Deuxièmement, ces dernières années m’ont permis d’œuvrer auprès de Losyndicat, notre association culturelle, et de réfléchir sur des projets communs. Nous organisons des activités culturelles depuis trois ans en vue de valoriser la littérature et les écrivains gabonais et publions des livres dont les bénéfices accompagnent les bibliothèques communautaires au Gabon.
Et enfin, je voulais retravailler mon écriture, revoir mon approche esthétique, ma manière de regarder le monde actuel à partir de Malinga et m’inscrire à l’université de la Vie malgré sa beauté païenne.
Qu’est-ce que cette nouvelle œuvre raconte ? À quoi doit s’attendre le lecteur qui vous connaît plutôt cru avec les mots ?
C’est une question de sensibilités, d’expériences et de partages. C’est un livre sur le passé, le présent et l’avenir.
Extrait :
«J’appelle à l’invention d’une nouvelle réalité.
J’appelle l’Homme à être sans couleurs ni genre. Homme libre et communicant de tous les horizons. Un homme plein d’ailleurs. Homme-tambour qui joue les rythmes de toutes les cultures et traduit le bouillonnement du sang des espoirs. Un homme-balafon qui, au fond, doit ramener de l’arrière-fond la sagesse des légendes qu’on ne raconte plus. Homme à la mémoire ouverte qui ne lutte que pour tuer les égarements qui bouchent les aubes fragiles. Un homme de significations qui mobilise bravoure et générosité contre les engins d’une modernité ensauvageante. Homme de générations qui interroge la faillite des civilisations, devant la misère et le chaos qui menacent la diversité.

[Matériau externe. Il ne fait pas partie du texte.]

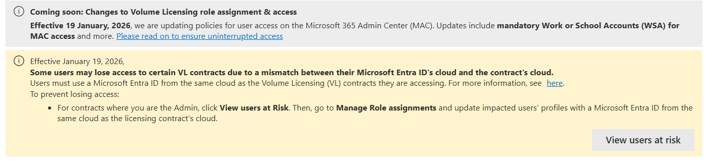 - Wenn Sie sich beim Microsoft 365 Admin Center anmelden, wird ein Banner mit der Meldung "Einige Benutzer verlieren möglicherweise den Zugriff auf bestimmte VL-Verträge aufgrund eines Konflikts zwischen der Cloud des Microsoft Entra ID und der Cloud des Vertrags", wie im folgenden Screenshot gezeigt:

Un homme d’amour et de partage qui sait écouter la nouvelle lune. Celle qui enfante la vie, sous le soleil et la pluie. Un homme de lumière qui dresse les ponts de la vie parmi les défaites volontaires. L’homme qui laisse passer le vent, mais qui se lève pour l’opprimé et réclame la justice. Un homme disponible.»

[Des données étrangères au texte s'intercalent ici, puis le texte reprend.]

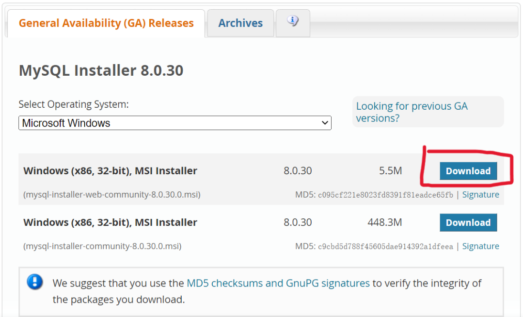 选择最下面的 “MySQL Community(GPL) Downloads>>” 选项, 进入下一页

Le lecteur ne sera pas déçu, au contraire, il découvrira à partir de ce nouveau livre que l’homme et le poète qui me composent sont en maturité. Si cela peut rassurer, je demeure «le poète de la moisson humaine».
Pourquoi le choix de Patrice Nganang ? Est-ce son côté « engagé » qui vous a plu ? Comment s’est d’ailleurs passée votre rencontre dans cette œuvre ?
Tous les lecteurs de la littérature francophone savent que Patrice Nganang représente beaucoup pour l’histoire littéraire et compte parmi les plus grands noms de sa génération. Au-delà de sa simplicité, c’est un homme exigeant dans la production. Il faut le lire pour le comprendre. Son engagement en faveur de l’histoire politique et littéraire camerounaise me fascine et me fait constater ce qui nous manque au Gabon. Lui et moi discutons beaucoup de littérature et surtout d’humanité. Quand je lui avais envoyé le tapuscrit du livre pour lecture, parce que ce livre aborde plusieurs questions historiques qu’il maitrise, il m’a tout de suite suggéré la préface. Quand on s’est rencontré à Paris, il m’a dit pourquoi. J’étais ému.
J’espère de tout cœur que ce livre répondra à plusieurs questions et sera lu par tous. Mais j’espère surtout qu’il sera utile à ceux qui lisent pour écouter la musique du monde et qui exécutent les pas de danse qui présagent une meilleure façon d’habiter le monde.
Né à Malinga dans le sud du Gabon, Benicien Bouschedy est l’auteur de trois précédentes œuvres : Silences de la contestation (2016), Rêve mortel (2017) et Cendre de maux (2018).